Charles Shepherd

Personal information
- Born: 27 February 1887 Barbados
- Died: 31 July 1968 (aged 81) Cardiff, Wales

Sport
- Sport: Field hockey

Senior career
- Years: Team / Caps / Goals
- 1908: Whitchurch / - / -

National team
- Years: Team / Caps / Goals
- –: Wales /  / -

Medal record
Representing Great Britain Wales
Olympic Games
| Bronze medal – third place | 1908 London | Team |

= Charles Shepherd (field hockey) =

Welsh field hockey player

Charles Woolley Shepherd (27 February 1887 - 31 July 1968) was a field hockey player from Wales who competed in the 1908 Summer Olympics with the Welsh team and won the bronze medal.

== Biography ==
Shepherd was born in Barbados, the son of a doctor. In 1891, the family moved to Cardiff in Wales and after studying Cardiff College, London University, and Charing Cross Hospital, Shepherd would follow his father's trade by becoming a GP himself.
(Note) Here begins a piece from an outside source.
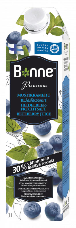 Bonne Blaubeersaft wird aus reinem Blaubeersaftkonzentrat und Quellwasser aus der Lähteenlohko-Quelle in Lohjanharju, Finnland, hergestellt. Enthält keine Konservierungsstoffe und wird mit 30% weniger Zucker gesüßt, als vergleichbare Säfte.

He made his debut for Wales against Scotland in 1907 and played club hockey for Whitchurch Hockey Club.

With only six teams participating in the field hockey tournament at the 1908 Olympic Games in London, he represented Wales under the Great British flag, where the team were awarded a bronze medal despite Wales only playing in and losing one match.